Extracted information:
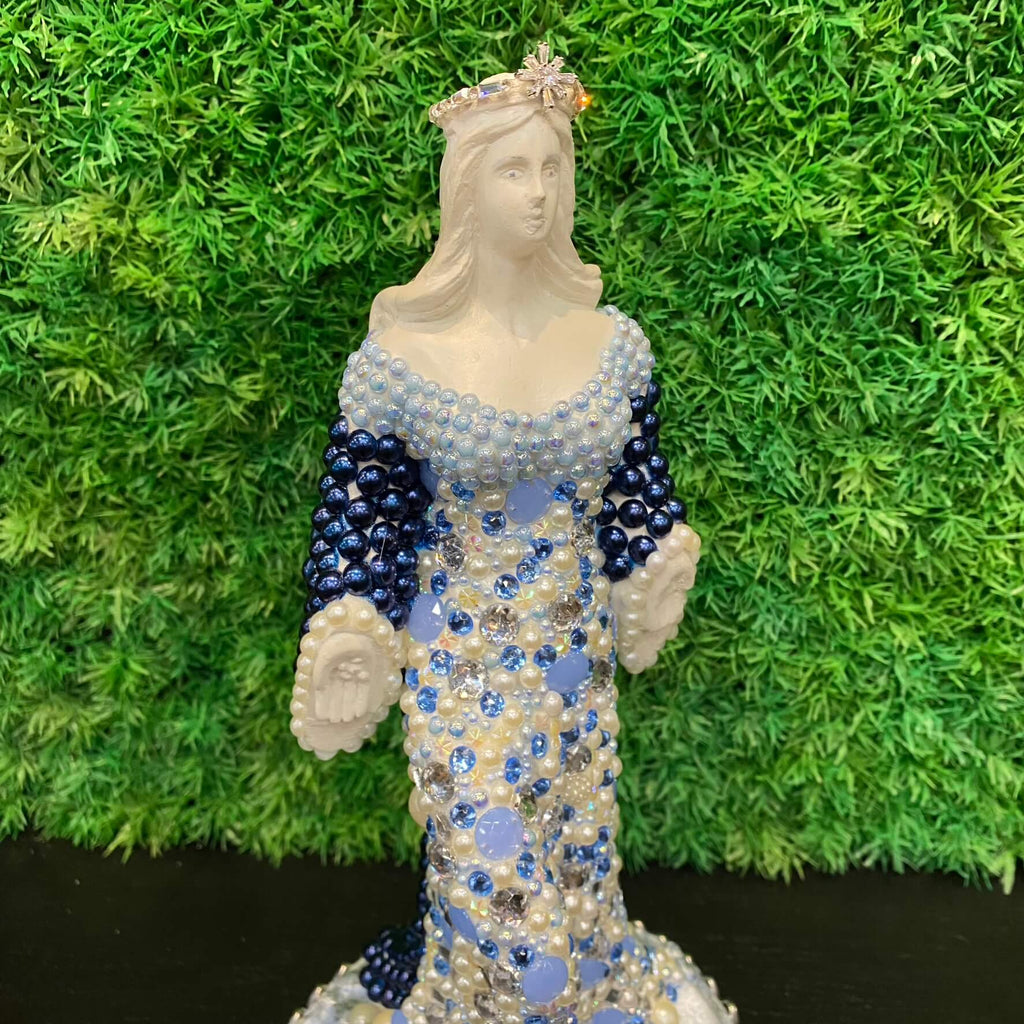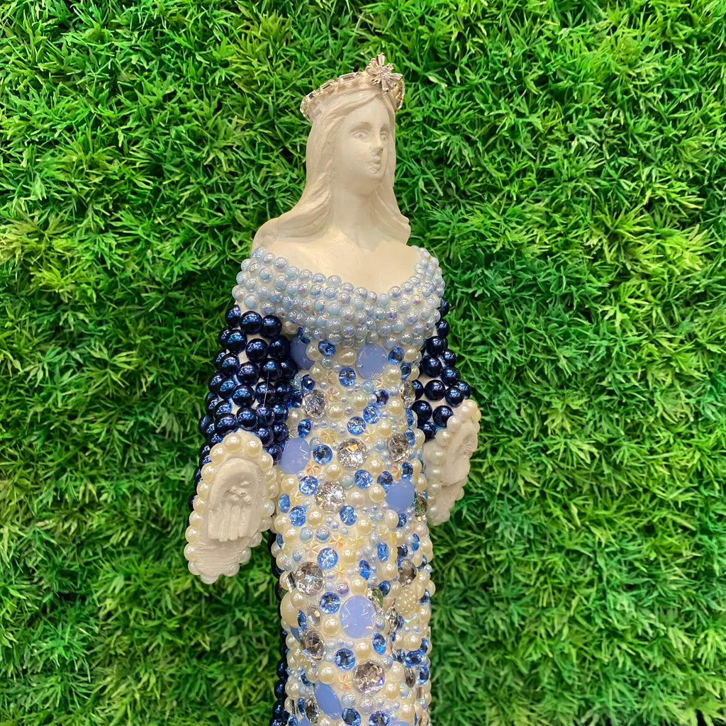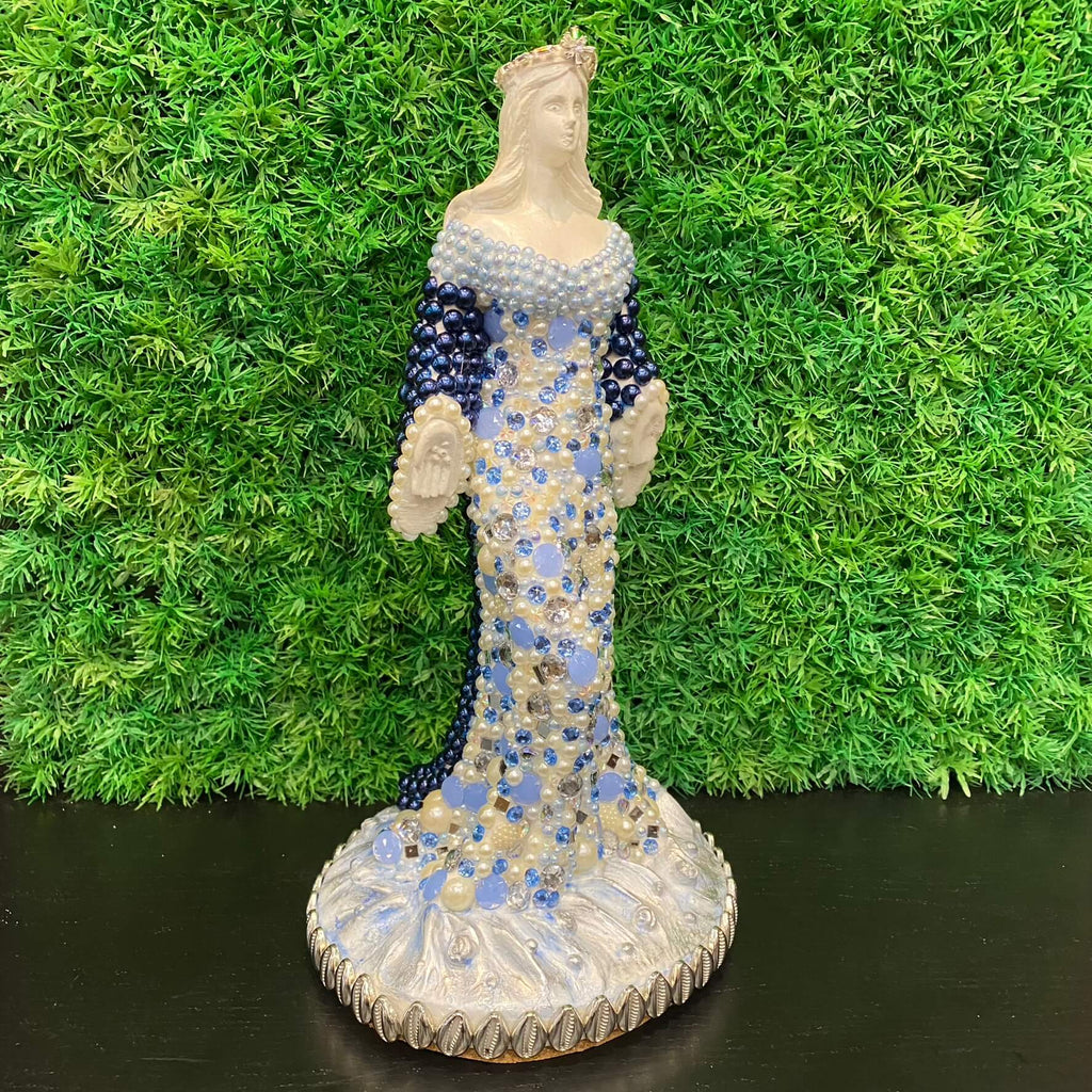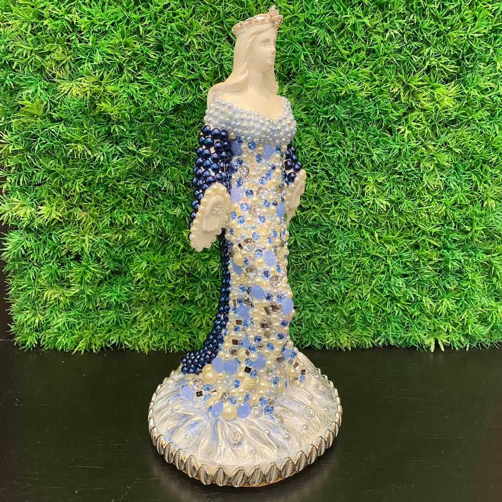 Esta charmosa escultura Iemanjá com pérolas da Tora Design é uma obra linda que combina perfeitamente beleza e significado.
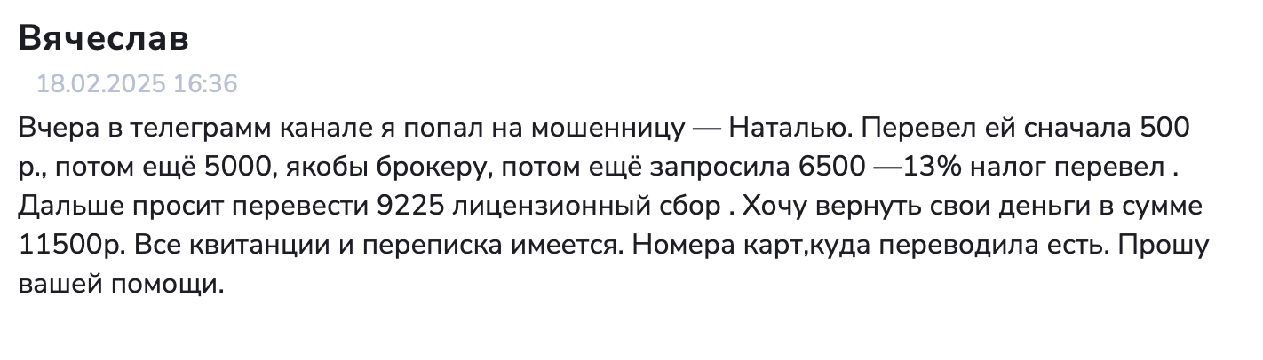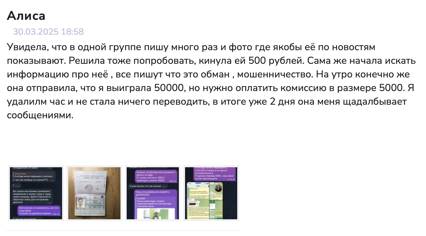 Впрочем, ни одна из найденных нами Стрельцовых не имеет ОКВЭД и лицензию на оказание финансовых, брокерских и смежных услуг. С учетом того, что Наталья осуществляет деятельность строго через телеграм, рассчитывать на наличие у нее лицензии слишком наивно. Репутация мошенницы бежит впереди самой Натальи и делает углубленную проверку ее личности почти бессмысленной.
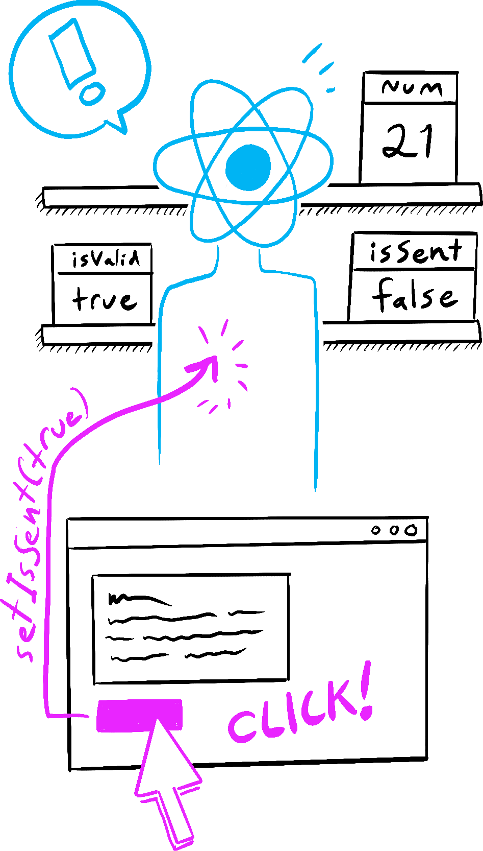 onSubmit이벤트 핸들러가 실행됩니다.setIsSent(true)가isSent를true로 설정하고 새로운 렌더링을 큐에 넣습니다.- React는 새로운
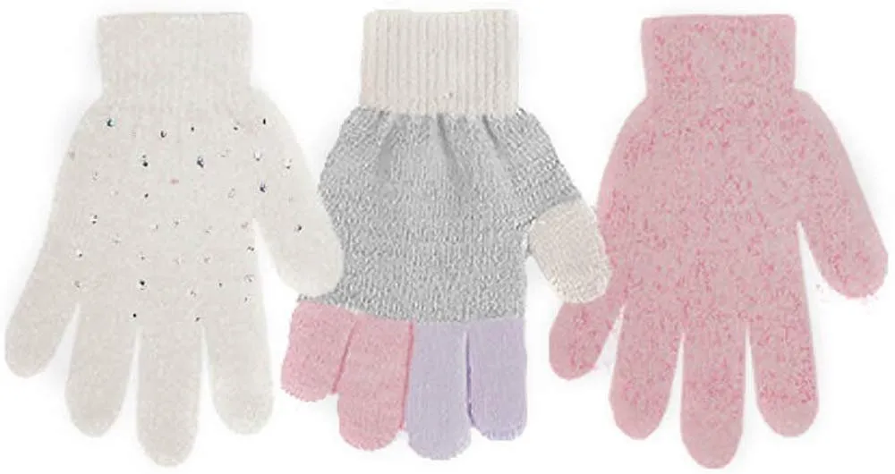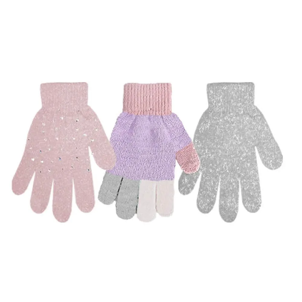 Protect your little girl’s hands this winter with these cute rhinestone embellished magic gloves. The perfect winter accessory to cover her hands and stay warm and toasty in the cold. These gloves are soft, lightweight and cozy, and come in assorted packs of three to match with almost anything in her wardrobe.
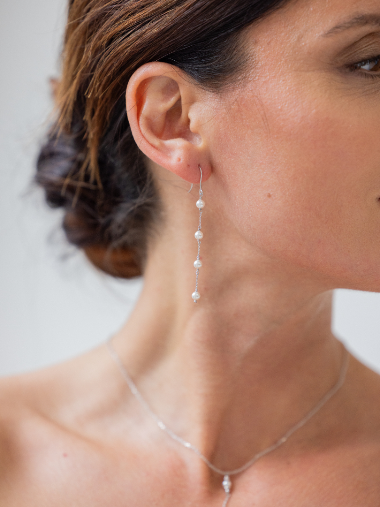 These long silver earrings have a fine chain with four pearls hanging in a straight line. The gentle movement gives a soft and romantic look for classic bridal styles. Made of 925 silver with a protective coating.
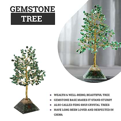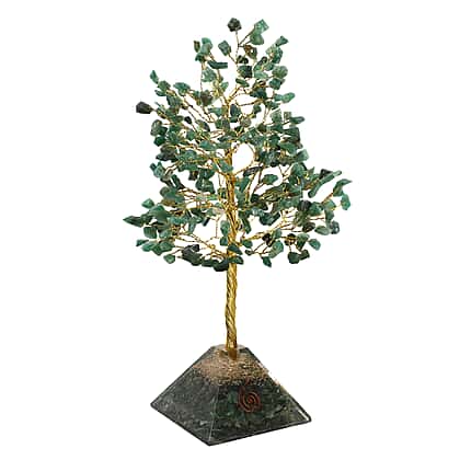 Green Aventurine Handmade Gemstone Tree of Life Table Decor with Orgone Pyramid Base

Work item: Restate the preceding entries in full, word for word, with the pictures removed.

Solution to the problem:
 Esta charmosa escultura Iemanjá com pérolas da Tora Design é uma obra linda que combina perfeitamente beleza e significado.
 Впрочем, ни одна из найденных нами Стрельцовых не имеет ОКВЭД и лицензию на оказание финансовых, брокерских и смежных услуг. С учетом того, что Наталья осуществляет деятельность строго через телеграм, рассчитывать на наличие у нее лицензии слишком наивно. Репутация мошенницы бежит впереди самой Натальи и делает углубленную проверку ее личности почти бессмысленной.
 onSubmit이벤트 핸들러가 실행됩니다.setIsSent(true)가isSent를true로 설정하고 새로운 렌더링을 큐에 넣습니다.- React는 새로운
 Protect your little girl’s hands this winter with these cute rhinestone embellished magic gloves. The perfect winter accessory to cover her hands and stay warm and toasty in the cold. These gloves are soft, lightweight and cozy, and come in assorted packs of three to match with almost anything in her wardrobe.
 These long silver earrings have a fine chain with four pearls hanging in a straight line. The gentle movement gives a soft and romantic look for classic bridal styles. Made of 925 silver with a protective coating.
 Green Aventurine Handmade Gemstone Tree of Life Table Decor with Orgone Pyramid Base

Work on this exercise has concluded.